TASK INSTRUCTIONS -> All pictures are to be skipped; retype only the lines from the top of the entries through the line with "男性向けラノベタイトル風あだ名 | 『転生したらもぐもだった件』 |", both included.

DATA FOR ANALYSIS ->
-- Opening Marker --
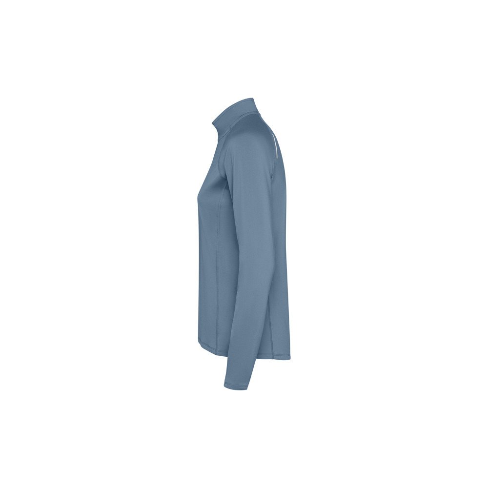 Women's long-sleeve technical raglan slim-fit sweatshirt. Collar with a half zip inverted design featuring a reflective band. Reinforced seam covers. Cuffs with thumb openings. Reflective details on the back. Back hem slightly longer than the front. Warm brushed inner fabric.
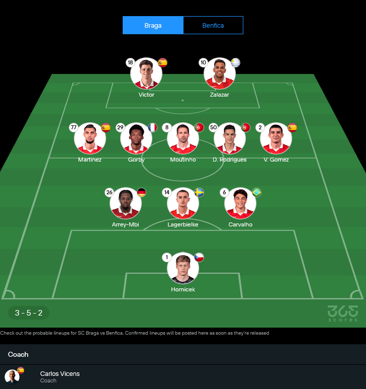 11 ตัวจริงที่คาดว่า บราก้า จะส่งลงสนาม
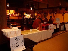 三千院では旧正月にあたる節分の日の9時より、僧侶が般若心経を一年の日数分(日数心経)唱え、息災を祈ります。立春、立夏、立秋、立冬に移る時をすべて節分といい、季節の変わり目にあたり古くは物忌をしていたものが、いつしか立春に限るようになり、「追儺(ついな)」疫鬼を駆逐し、邪霊の侵入を防ぐための行事が主流となりました。福豆の無料授与と不動堂前にてぜんざいの無料接待も行われます。
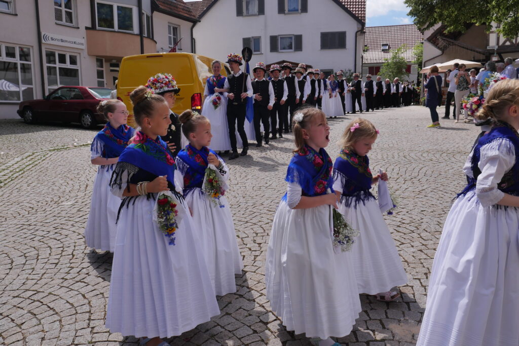 Man kann mit Fug und Recht sagen, dass das Kirchweihfest in Rechberghausen mittlerweile eine feste Tradition hat – schließlich wurde in diesem Jahr bereits die 39. Auflage dieses festlichen Ereignisses gefeiert. Bei strahlendem Kaiserwetter versammelten sich die Gäste, die teilweise aus großer Entfernung angereist waren, vor der katholischen Kirche, um die Trachtenpaare gebührend zu empfangen.
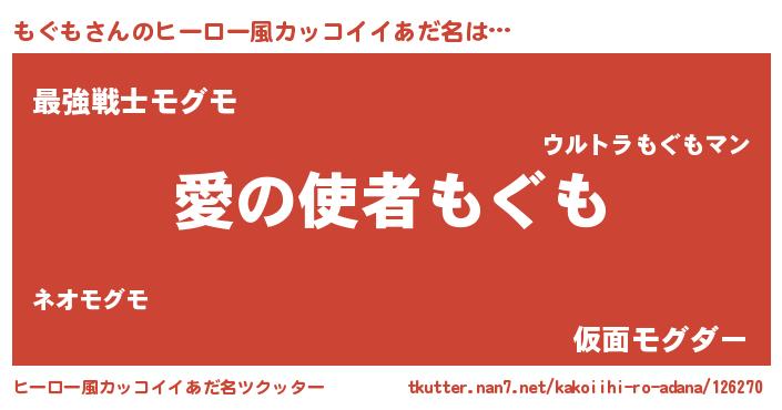 | 男性向けラノベタイトル風あだ名 | 『転生したらもぐもだった件』 |
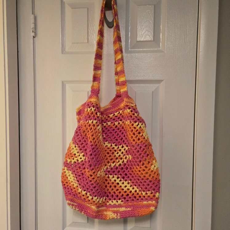 Check out this colourful, handmade crochet tote bag! It's perfect for carrying groceries, books, or anything else you need on the go. The open weave design is both stylish and practical, and the bright colours will add a pop of fun to any outfit
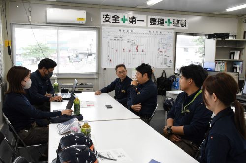 代表取締役社長の古郡栄一氏をはじめ、SDGs・ブランディング活動を推進するデザインマネジメント部の渡辺文昭氏、関矢祐葵氏、福島千紘氏、若手社員代表として土木部の三ツ井瑠星氏にお話を伺いました。
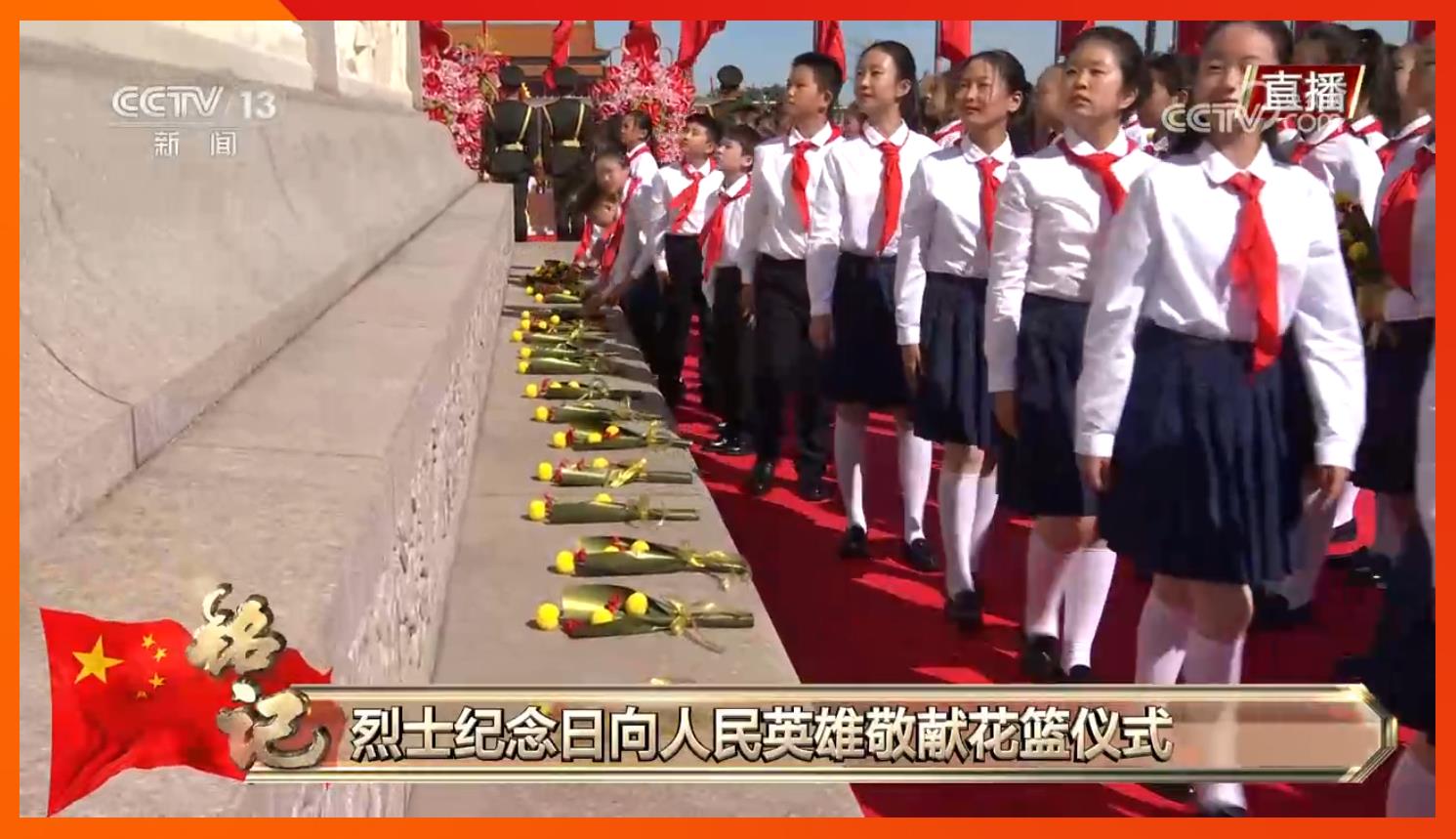 方阵前,以中共中央,全国人大常委会,国务院,全国政协,中央军委,各民主党派、全国工商联和无党派爱国人士,各人民团体和各界群众,老战士、老同志和烈士亲属,中国少年先锋队名义敬献的9个大型花篮一字排开,花篮红色缎带上书写的“人民英雄永垂不朽”格外醒目。
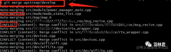 在合并之后我们看到其中有些部分可以自动合并,有些会产生conflict,我们需要手工进行修改,这个部分就是我们git里面的基本操作了哈。合并冲突代码这个部分现在主流的代码编辑器都可以人性化的提示,如果需要看的话,大家也可以看我之前的git文章合集哈。
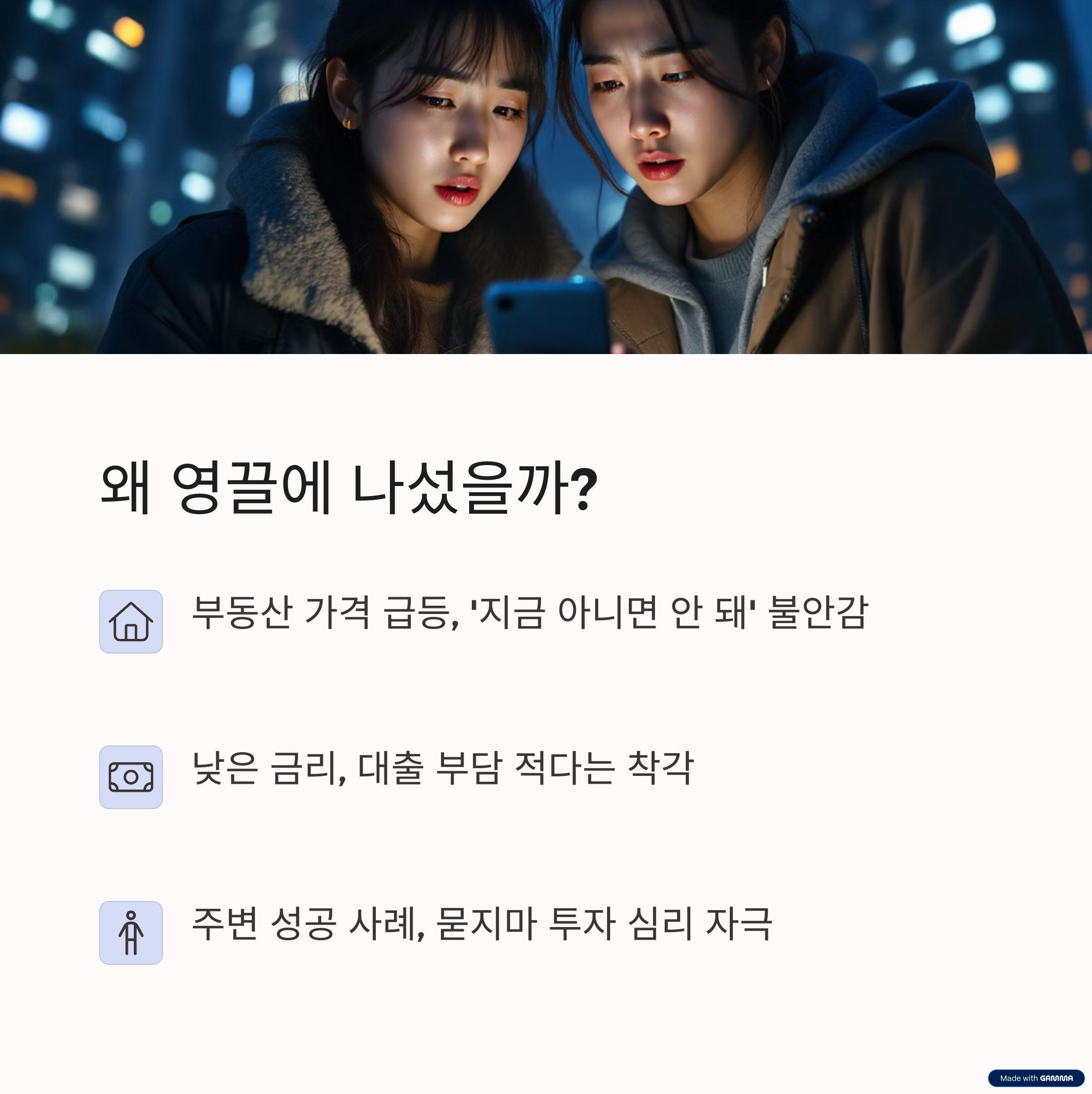 이 모든 배경이 2030에게 '영끌'이라는 선택을 강요했습니다.
-- Closing Marker --
RESULT OF THIS TASK ->
 Women's long-sleeve technical raglan slim-fit sweatshirt. Collar with a half zip inverted design featuring a reflective band. Reinforced seam covers. Cuffs with thumb openings. Reflective details on the back. Back hem slightly longer than the front. Warm brushed inner fabric.
 11 ตัวจริงที่คาดว่า บราก้า จะส่งลงสนาม
 三千院では旧正月にあたる節分の日の9時より、僧侶が般若心経を一年の日数分(日数心経)唱え、息災を祈ります。立春、立夏、立秋、立冬に移る時をすべて節分といい、季節の変わり目にあたり古くは物忌をしていたものが、いつしか立春に限るようになり、「追儺(ついな)」疫鬼を駆逐し、邪霊の侵入を防ぐための行事が主流となりました。福豆の無料授与と不動堂前にてぜんざいの無料接待も行われます。
 Man kann mit Fug und Recht sagen, dass das Kirchweihfest in Rechberghausen mittlerweile eine feste Tradition hat – schließlich wurde in diesem Jahr bereits die 39. Auflage dieses festlichen Ereignisses gefeiert. Bei strahlendem Kaiserwetter versammelten sich die Gäste, die teilweise aus großer Entfernung angereist waren, vor der katholischen Kirche, um die Trachtenpaare gebührend zu empfangen.
 | 男性向けラノベタイトル風あだ名 | 『転生したらもぐもだった件』 |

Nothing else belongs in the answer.